— Assignment —
Starting at the top line and ending at the bottom one, repeat the entries exactly and drop every picture.

— Data extracted from a collection —
=== Begin Enclosure ===
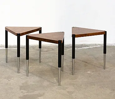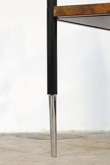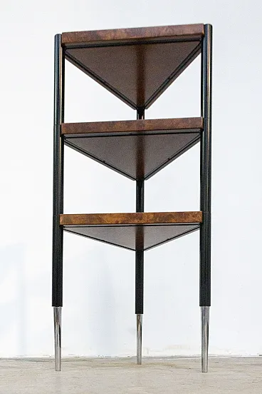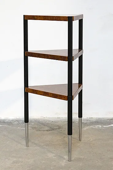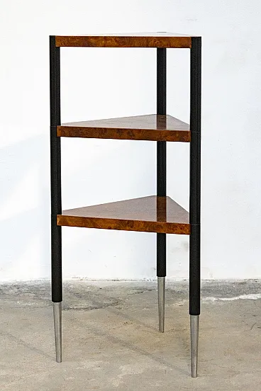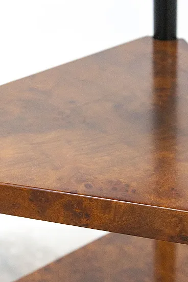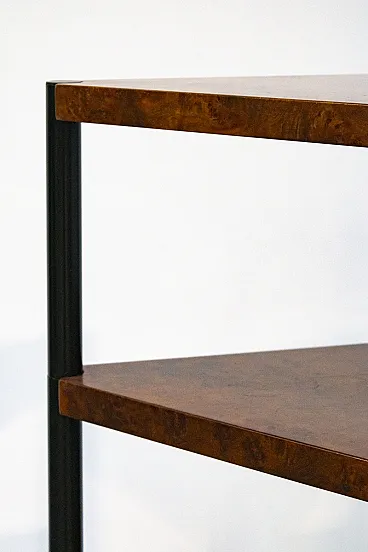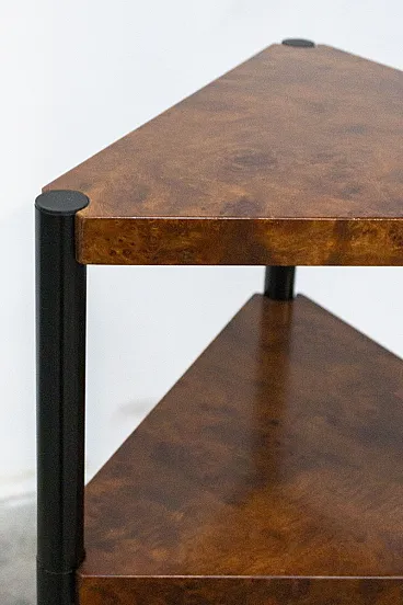 Mensola angolare in radica di olmo e acciaio, anni '70
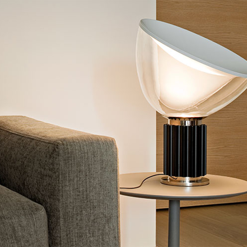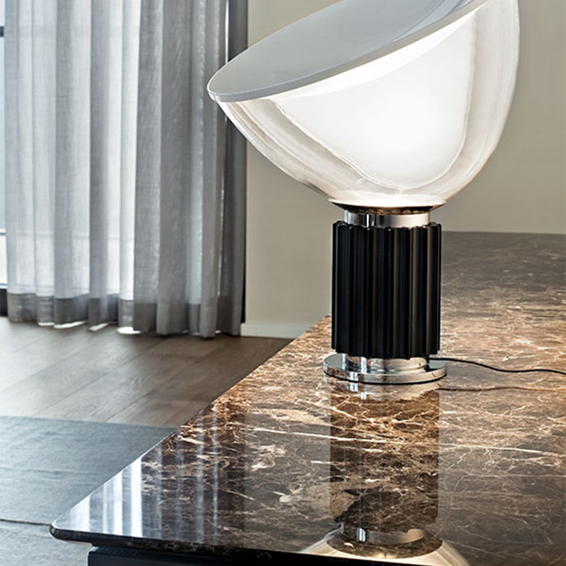 大胆で装飾的な土台の上についたディフューザーは、凹面の反射鏡を備えており、大きな吹きガラスの中から反射光を放射します。
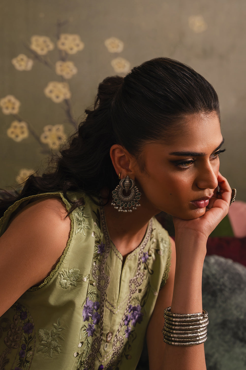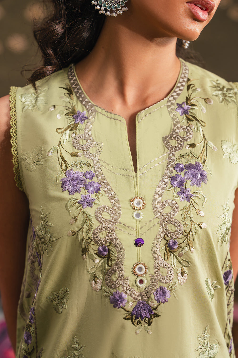 This elegant embroidered suit for women is presented in a refreshing apple green shade, offering a sophisticated and modern look. The sleeveless tunic features a refined V-neckline, beautifully detailed with intricate purple and silver floral embroidery that cascades down the bodice. This delicate artistry continues along the hemline with a dense, ornate border, adding a touch of traditional luxury to the contemporary silhouette. The ensemble is paired with coordinating wide-leg shalwar and a matching dupatta in the same serene green tone. The shalwar is elegantly finished with matching purple and silver embroidery at the hem, creating a cohesive and high-end aesthetic. Crafted for both style and ease, this suit is an ideal choice for festive gatherings or formal daytime events, ensuring a polished and graceful appearance.
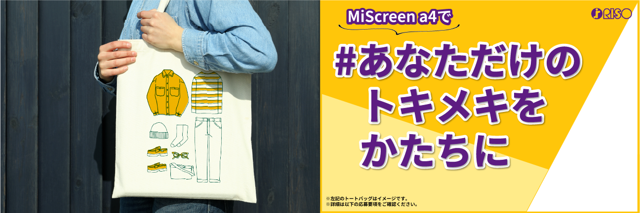 理想科学の小型デジタルスクリーン製版機『MiScreen a4』を使って制作したオリジナルトートバッグをプレゼント!
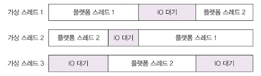 [그림 7.4]에서 플랫폼 스레드 1은 먼저 가상 스레드 1을 실행한다. 가상 스레드 1이 I/O 대기와 같은 블로킹 연산을 만나면, 플랫폼 스레드 1은 가상 스레드 1의 블로킹이 끝날 때까지 기다리지 않고 실행 가능한 다른 가상 스레드를 찾아서 연결한다. 이런 방식으로 플랫폼 스레드 2는 가상 스레드 2를 실행했다가, 가상 스레드 3을 실행하고 다시 가상 스레드 1을 실행하게 된다.
=== End Enclosure ===
— Final answer —
 Mensola angolare in radica di olmo e acciaio, anni '70
 大胆で装飾的な土台の上についたディフューザーは、凹面の反射鏡を備えており、大きな吹きガラスの中から反射光を放射します。
 This elegant embroidered suit for women is presented in a refreshing apple green shade, offering a sophisticated and modern look. The sleeveless tunic features a refined V-neckline, beautifully detailed with intricate purple and silver floral embroidery that cascades down the bodice. This delicate artistry continues along the hemline with a dense, ornate border, adding a touch of traditional luxury to the contemporary silhouette. The ensemble is paired with coordinating wide-leg shalwar and a matching dupatta in the same serene green tone. The shalwar is elegantly finished with matching purple and silver embroidery at the hem, creating a cohesive and high-end aesthetic. Crafted for both style and ease, this suit is an ideal choice for festive gatherings or formal daytime events, ensuring a polished and graceful appearance.
 理想科学の小型デジタルスクリーン製版機『MiScreen a4』を使って制作したオリジナルトートバッグをプレゼント!
 [그림 7.4]에서 플랫폼 스레드 1은 먼저 가상 스레드 1을 실행한다. 가상 스레드 1이 I/O 대기와 같은 블로킹 연산을 만나면, 플랫폼 스레드 1은 가상 스레드 1의 블로킹이 끝날 때까지 기다리지 않고 실행 가능한 다른 가상 스레드를 찾아서 연결한다. 이런 방식으로 플랫폼 스레드 2는 가상 스레드 2를 실행했다가, 가상 스레드 3을 실행하고 다시 가상 스레드 1을 실행하게 된다.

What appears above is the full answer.